◆ **Provided information**:
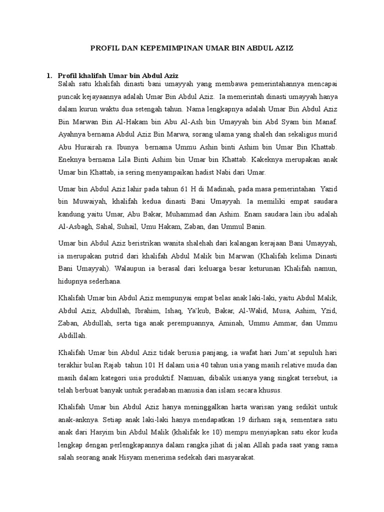 Umar Bin Abdul Aziz Profil Pola Kepimimpinan Kebijakan Dan Kepribadian Umar Bin Abdul Aziz
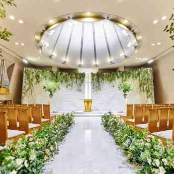花をモチーフにした天窓から柔らかな光が降り注ぎ、祭壇にたたずむ花嫁を美しく照らす独立型チャペル。 ゲストとの距離が近いのも特徴で、誓いの瞬間を温かなまなざしと拍手が包みこみます。
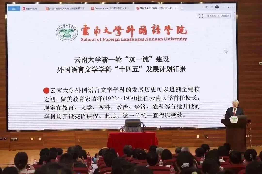 4月20日来自国内外的院友和在校师生欢聚一堂,喜迎云南大学百年校庆,回望百年办学历程,探讨如何守正创新,在新时代再创学科发展的辉煌业绩。参加论坛的资深院友包括我院前院长周宝娣教授、原大学外语教学部主任梁育全教授、我院前院长、法国骑士勋章获得者徐枫教授、曲靖师范学院外国语学院院长宋发富教授、昆明理工大学外国语学院院长王英教授、云大国际合作交流处吴芸副处长、沈云副处长等。
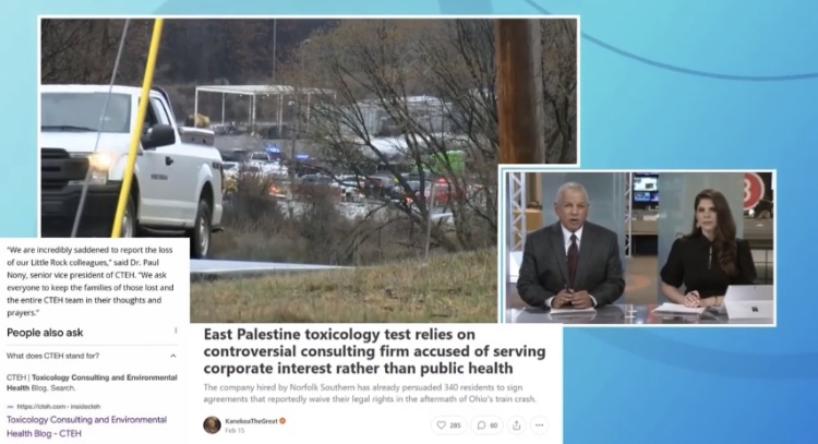 Mientras tanto, detener el viaje de los científicos no haría ninguna diferencia, ya que CTEH ya tiene empleados en el terreno en el lugar del descarrilamiento del tren. La compañía, según su sitio web, opera actualmente en entre 100 y 200 sitios de trabajo diferentes en Ohio. CTEH también tiene miles de otros contratos en curso en casi todos los estados del país.
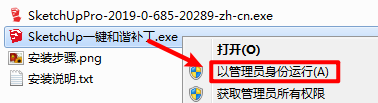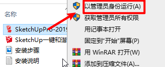 2.选中SketchUpPro-2019,鼠标右击选择“以管理员身份运行”
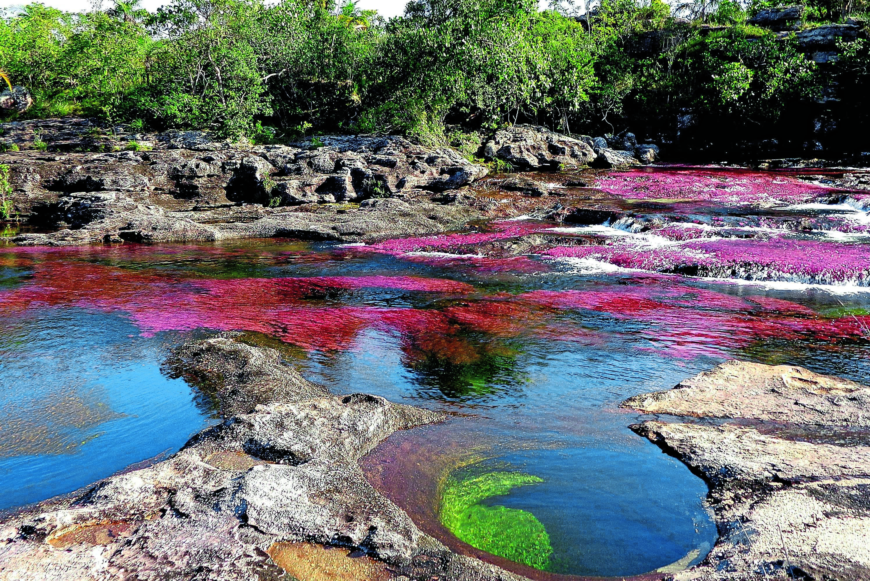 يشتهر نهر كانيو كريستالز، في كولومبيا، بألوانه العديدة الرائعة التي تتغير بين الأصفر والأخضر والأزرق والأسود ، وخاصة الأحمر، وذلك بسبب نباتات مائية تدعى " ماكارينيا كلافغيرا" على مجرى النهر "macarenia clavigera"
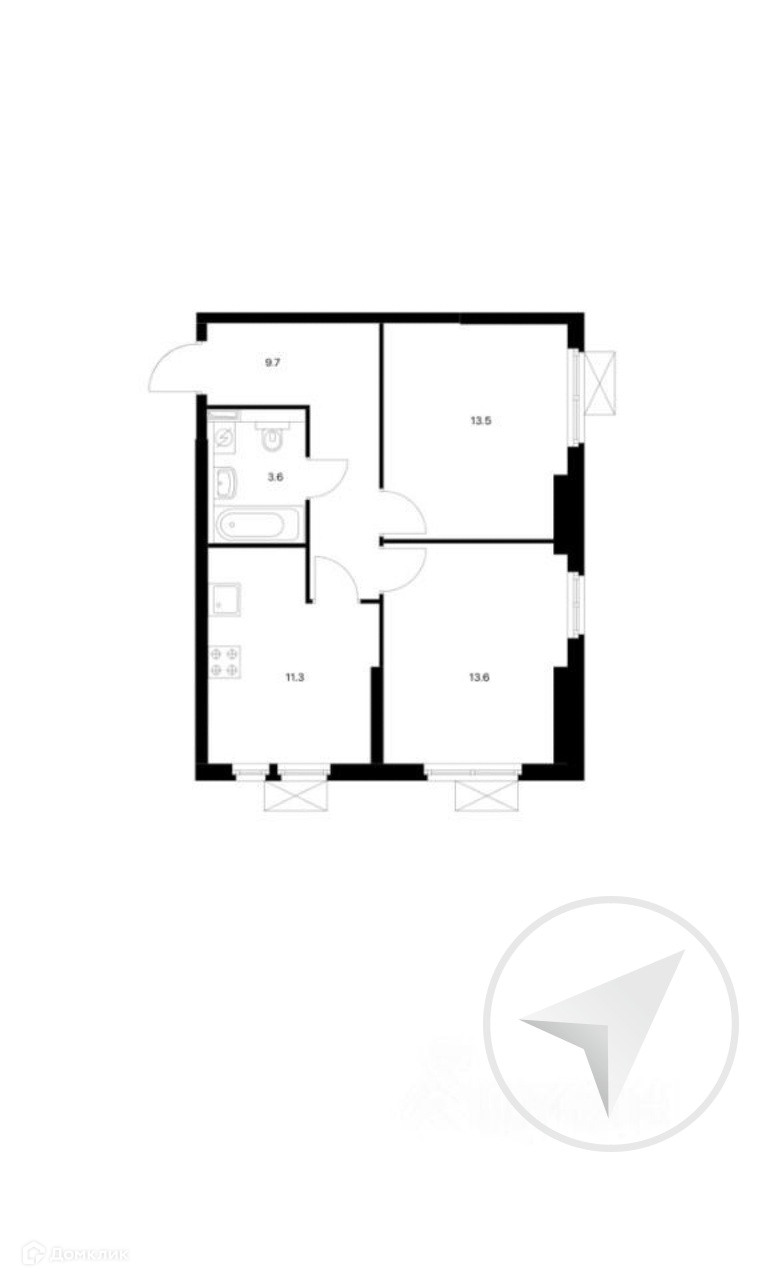 2-комнатная квартира, 52 м2, этаж 4 / 32, на продажу в Москве, Просторная улица, 7
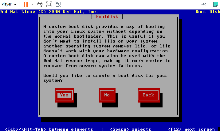 시스템의 부팅 디스크를 생성하는 물음인데, No 를 클릭합니다.
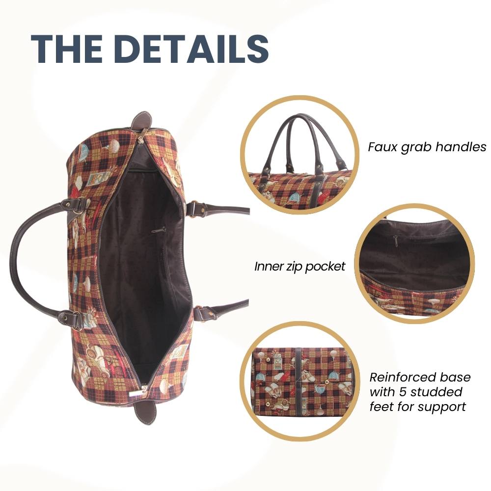 PRODUCT DESCRIPTION:Tapestry duffel bag designed to contain plenty of storage for your travels, this holdall proves to be an ideal choice as a travel companion. Use it on travel, trips, weekend, overnight or even as a sports holdall gym bag.
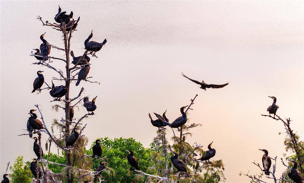 武汉下雪了?鸬鹚 “涂白” 东湖鸟岛
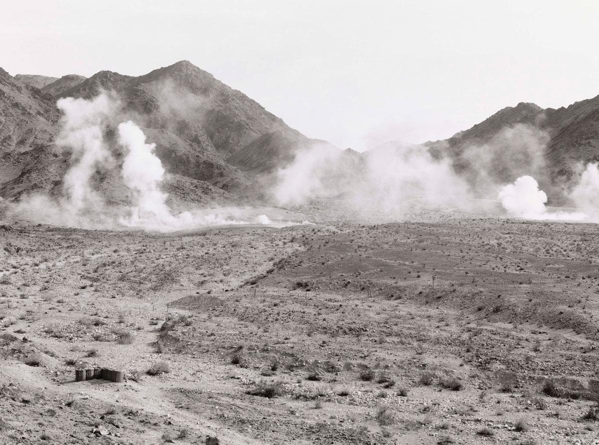 Hiroshi Sugimoto’s triptych, Adriatic Sea, Gargano I, resonates with Marville’s and the Bechers’ typologies, but is also a study in grayscale formalism. Images from An-My Lê’s documentary series, 29 Palms, read like documentary but are not purely so. Shot at a Marine Corps training facility in the Mojave Desert during the Iraq War, they document the rehearsal for combat, not the frontlines. Taken at a distance, they resemble Alexander Gardner’s battlefields more than they do modern photojournalism.
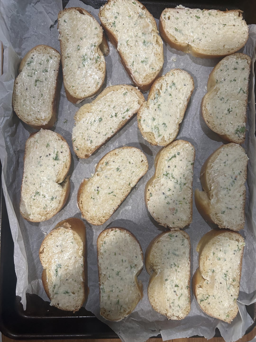 Slide 4: Freezer garlic bread. I got bread free from work, so I sliced some challah and added a garlic butter mixture to both sides for a copycat freezer garlic bread. This is my first time trying it, and I’m excited to try it!
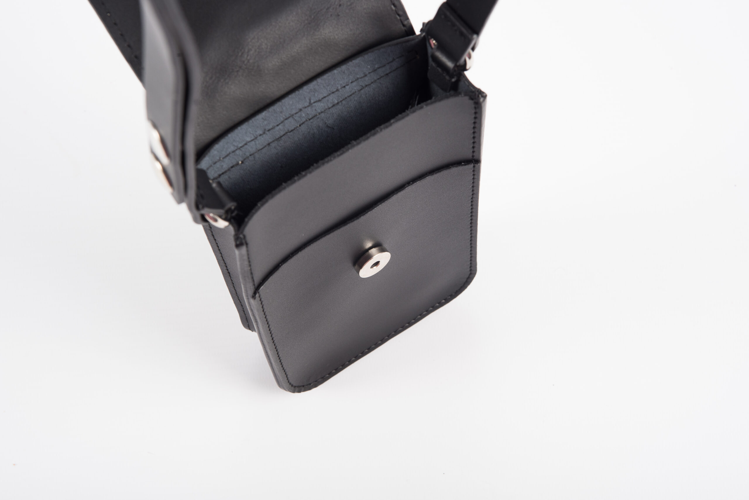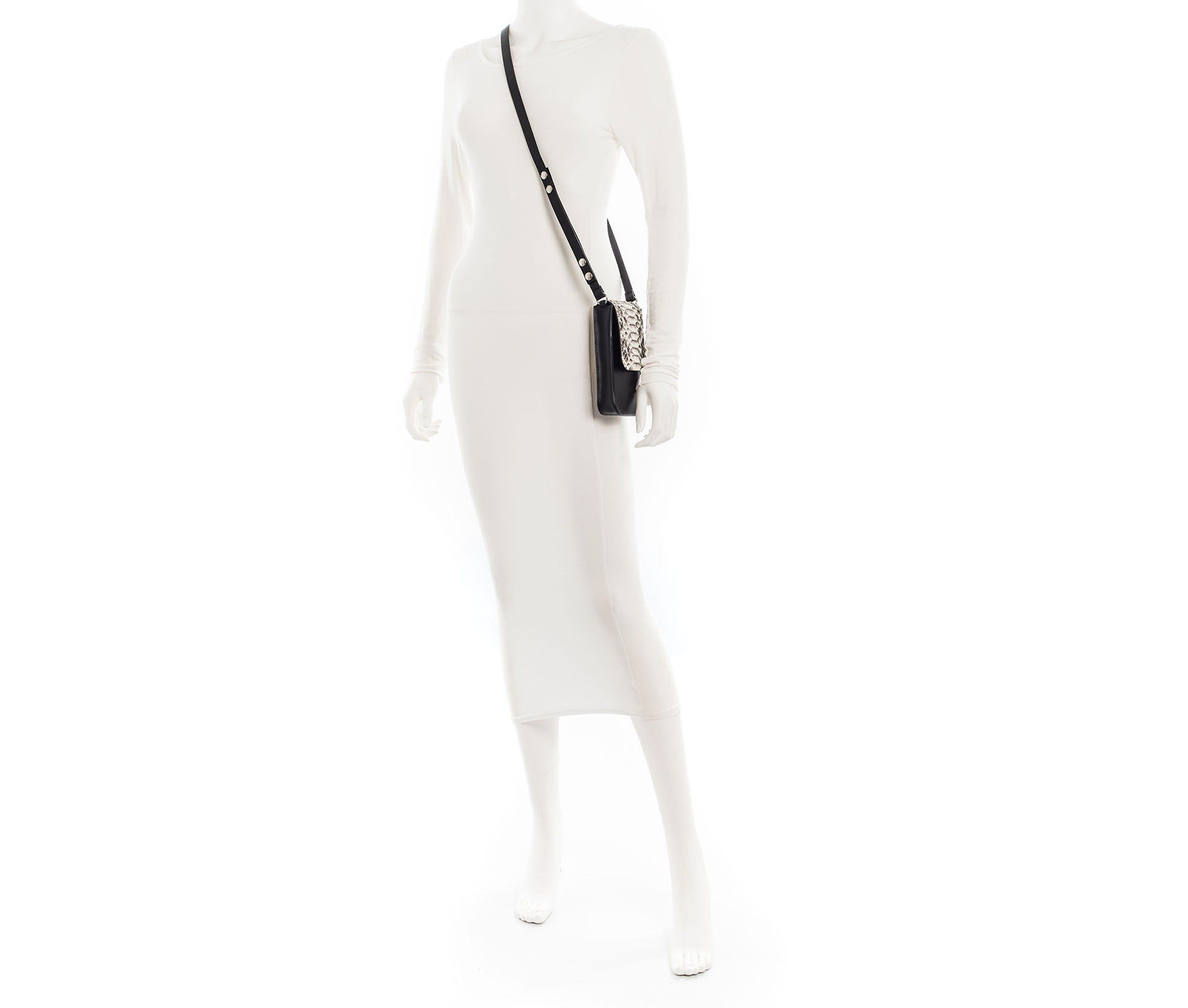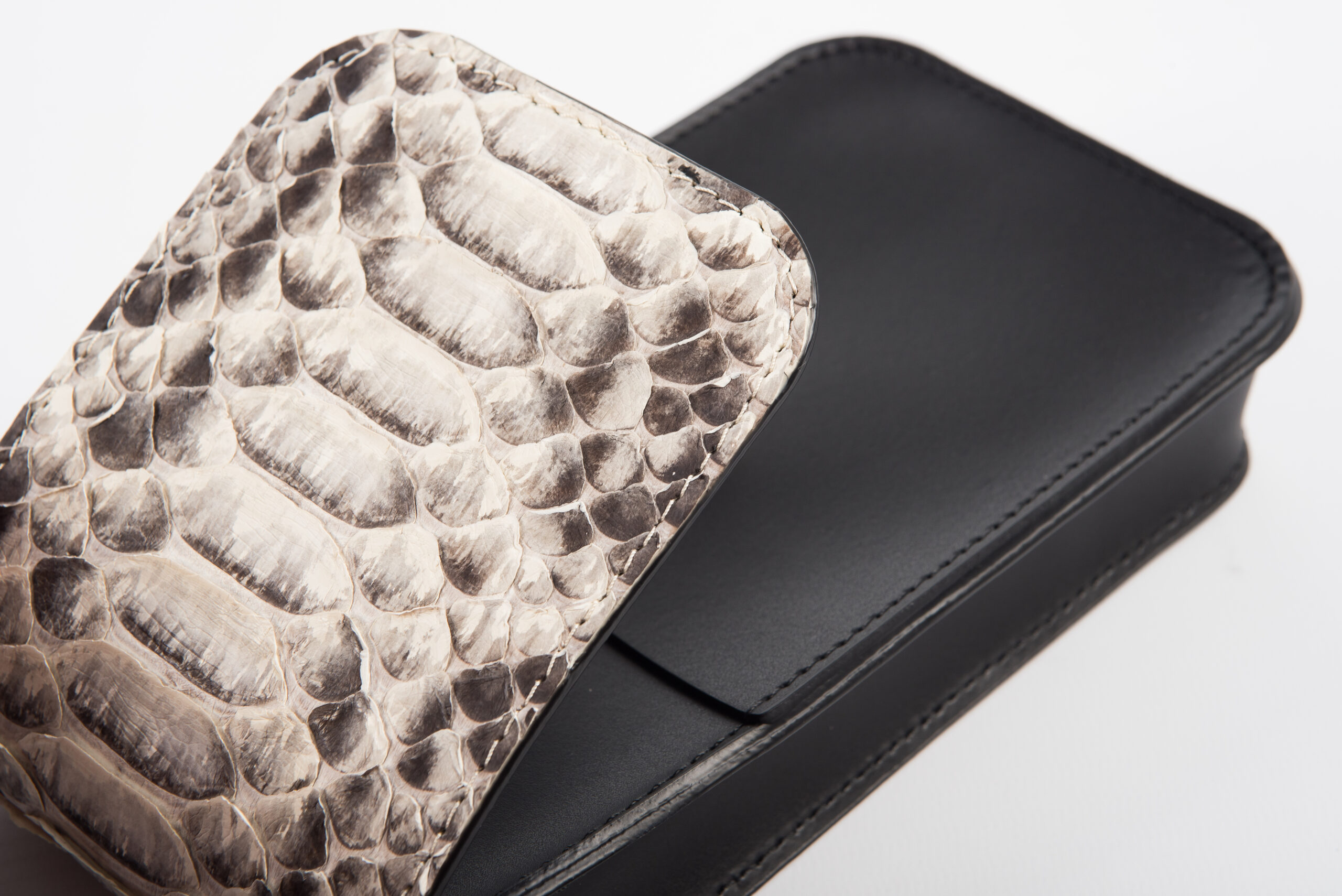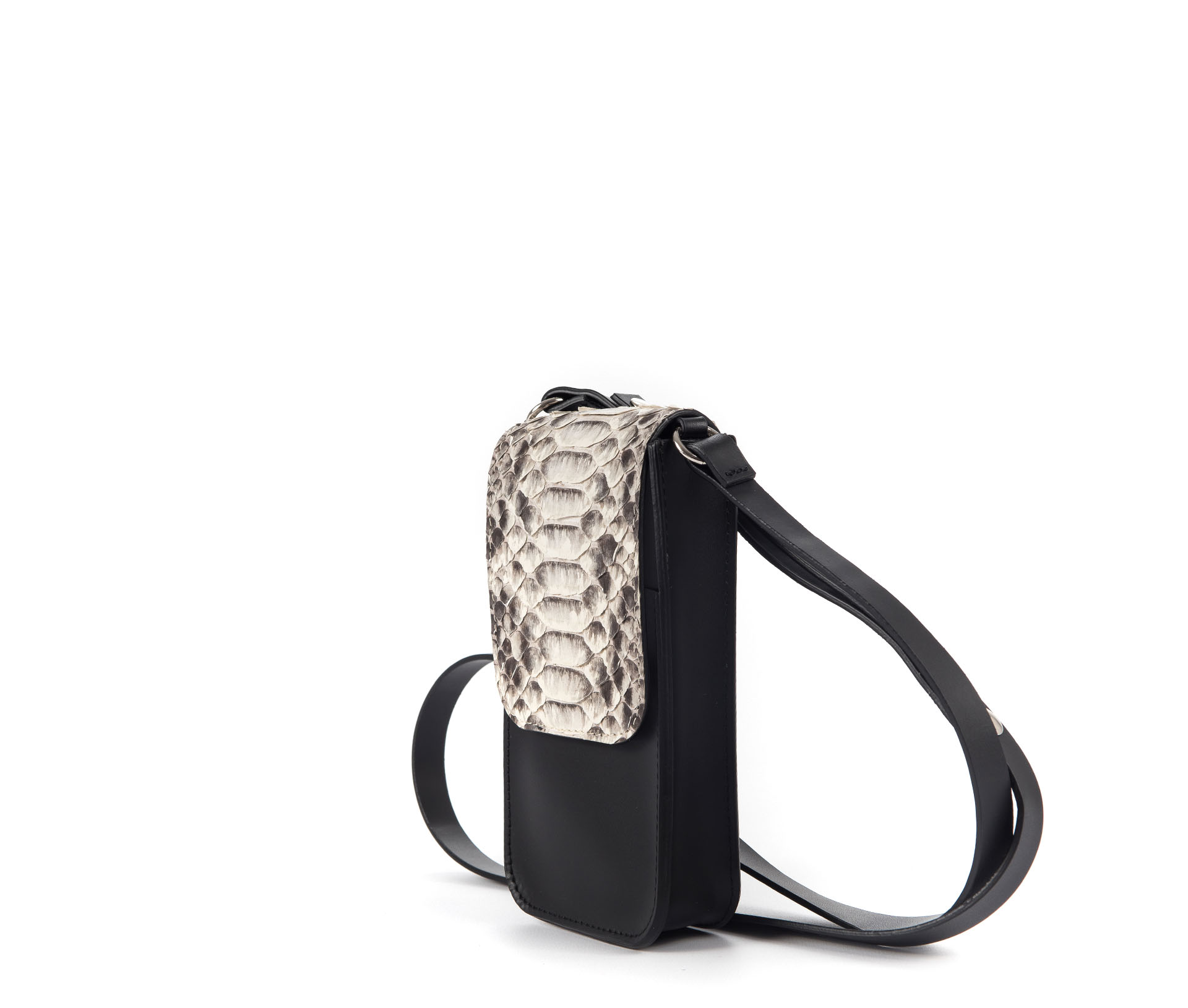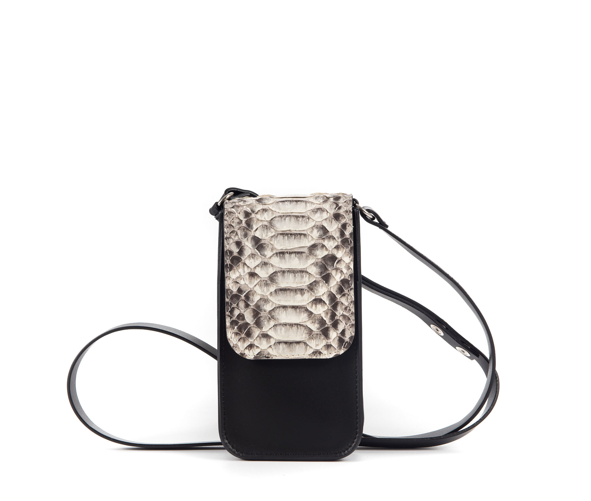 Borsa porta cellulare in cuoio nero e patta in pelle di pitone colore roccia.
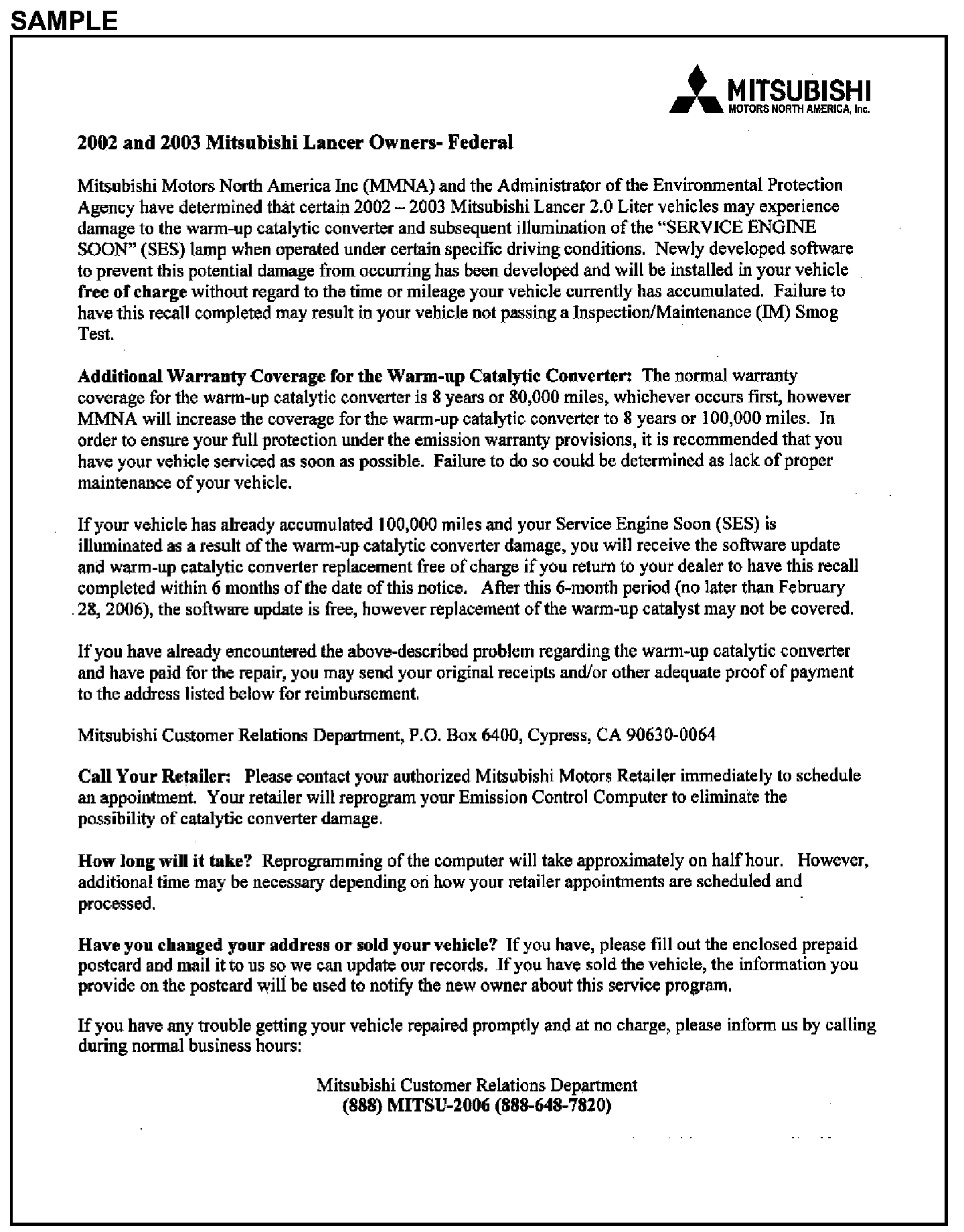 Owner Letter - 2002 & 2003 Mitsubishi Lancer Owners - Federal

◆ **Brief**:
Every record above must reappear exactly in the answer, minus its pictures.

◆ **Solution for this problem**:
 Umar Bin Abdul Aziz Profil Pola Kepimimpinan Kebijakan Dan Kepribadian Umar Bin Abdul Aziz
花をモチーフにした天窓から柔らかな光が降り注ぎ、祭壇にたたずむ花嫁を美しく照らす独立型チャペル。 ゲストとの距離が近いのも特徴で、誓いの瞬間を温かなまなざしと拍手が包みこみます。
 4月20日来自国内外的院友和在校师生欢聚一堂,喜迎云南大学百年校庆,回望百年办学历程,探讨如何守正创新,在新时代再创学科发展的辉煌业绩。参加论坛的资深院友包括我院前院长周宝娣教授、原大学外语教学部主任梁育全教授、我院前院长、法国骑士勋章获得者徐枫教授、曲靖师范学院外国语学院院长宋发富教授、昆明理工大学外国语学院院长王英教授、云大国际合作交流处吴芸副处长、沈云副处长等。
 Mientras tanto, detener el viaje de los científicos no haría ninguna diferencia, ya que CTEH ya tiene empleados en el terreno en el lugar del descarrilamiento del tren. La compañía, según su sitio web, opera actualmente en entre 100 y 200 sitios de trabajo diferentes en Ohio. CTEH también tiene miles de otros contratos en curso en casi todos los estados del país.
 2.选中SketchUpPro-2019,鼠标右击选择“以管理员身份运行”
 يشتهر نهر كانيو كريستالز، في كولومبيا، بألوانه العديدة الرائعة التي تتغير بين الأصفر والأخضر والأزرق والأسود ، وخاصة الأحمر، وذلك بسبب نباتات مائية تدعى " ماكارينيا كلافغيرا" على مجرى النهر "macarenia clavigera"
 2-комнатная квартира, 52 м2, этаж 4 / 32, на продажу в Москве, Просторная улица, 7
 시스템의 부팅 디스크를 생성하는 물음인데, No 를 클릭합니다.
 PRODUCT DESCRIPTION:Tapestry duffel bag designed to contain plenty of storage for your travels, this holdall proves to be an ideal choice as a travel companion. Use it on travel, trips, weekend, overnight or even as a sports holdall gym bag.
 武汉下雪了?鸬鹚 “涂白” 东湖鸟岛
 Hiroshi Sugimoto’s triptych, Adriatic Sea, Gargano I, resonates with Marville’s and the Bechers’ typologies, but is also a study in grayscale formalism. Images from An-My Lê’s documentary series, 29 Palms, read like documentary but are not purely so. Shot at a Marine Corps training facility in the Mojave Desert during the Iraq War, they document the rehearsal for combat, not the frontlines. Taken at a distance, they resemble Alexander Gardner’s battlefields more than they do modern photojournalism.
 Slide 4: Freezer garlic bread. I got bread free from work, so I sliced some challah and added a garlic butter mixture to both sides for a copycat freezer garlic bread. This is my first time trying it, and I’m excited to try it!
 Borsa porta cellulare in cuoio nero e patta in pelle di pitone colore roccia.
 Owner Letter - 2002 & 2003 Mitsubishi Lancer Owners - Federal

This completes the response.